For NTA, the Nanosight NS300 instrument (Malvern Panalytical Ltd.) was used with samples diluted 100–1000-fold.

SERS detection chips

Cover glasses were cleaned by immersion in piranha solution (H2SO4:H2O2 = 3:1) for 30 min to eliminate organic impurities, then thoroughly rinsed with deionized water and ethanol. The cover glasses were then immersed in 1%(v/v) 3-Aminopropyltriethoxysilan (APTES) ethanoic solution to functionalize the surface, then thoroughly rinsed with ethanol and dried using N2 gas. Polydimethylsiloxane (PDMS) wells were prepared by punching holes at regular intervals with a 2.5 mm diameter biopsy punch. The resulting PDMS wells were attached to the APTES-functionalized substrate. Next, 100 nm AuNP colloidal solution (NanoComposix) was concentrated 5-fold through centrifugation. Then, 8 μL of the concentrate was added to each hole array. The good substrate with AuNP solution was placed on a centrifuge rotor configured to hold the substrate and then centrifuged at 1000×g for 5 min. After the PDMS well was detached, the substrate was rinsed with deionized water and dried. Exosome suspension was dropped onto each dot and dried at 35 °C.

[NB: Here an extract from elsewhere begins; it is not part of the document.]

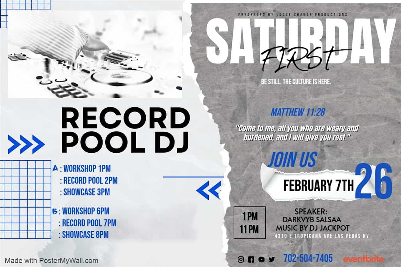 by admin23Feb DJ RECORD POOL at 4310 E Tropicana Ave – Las Vegas, NV DJ RECORD POOL at 4310 E Tropicana Ave – Las Vegas, NV 2 2 people viewed this event. : Workshop 1PM : record pool 2PM : showcase 3PM Tickets-RSVP Link Date And Time Saturday, March 7th, 2026 07:00 PM (PST) Venue 4310 E Tropicana Ave Location 4310 East Tropicana Avenue, Las Vegas, NV 89121 Event Types Concert or PerformanceMusic Event Category Las VegasNevada Share With Friends Facebook Twitter Linkedin Xing Pinterest Share This Post:
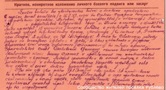 Краткое, конкретное изложение личного боевого подвига или заслуг

The Raman signal was observed with Axio Oberver3 equipped with iDus420 CCD (Andor iDus420) and spectrograph monochromator Monora322i (Dongwoo Optron). Laser irradiation was performed at 2 mW and 785 nm through a 50× objective lens (NA 0.7). The acquisition time was 1 s per single take. To maintain focus and automated signal scanning, customized software was built using Python and the pyQT5 library. Signals were preprocessed for denoising, baseline correction, and elimination of spiked data. Anomalous data were excluded if the intensity of the common band near 860 cm−1 did not exceed a threshold specified manually through signal comparison.

Neural network algorithm

All data were handled through custom Python code. The neural network model, including CNN, SVM, MLP, and dummy classifier, were implemented using Python library, including scikit-learn, TensorFlow 2.5, and Keras API. The model architecture was composed of serial convolutional layers to conduct binary classification through a sigmoid activation function. 20% of the training data was used as a validation dataset to monitor overfitting during the learning process. All hyperparameters, including learning rate, decay rate, and training epoch, were optimized through manual and random searches.

Statistics and reproducibility

Multivariate and statistical analyses (e.g., ROC curve, AUC calculation, PRC) were performed using a scikit-learn library in Python. The statistical analysis, including the t-test, was performed using Python scipy and pingouin library. All visualizations of data were made using Python and MATLAB R2021a (MathWorks) codes. The western blotting data and TEM images in Fig. 2 were collected from at least two independent experiments.

Reporting summary

Further information on research design is available in the Nature Portfolio Reporting Summary linked to this article.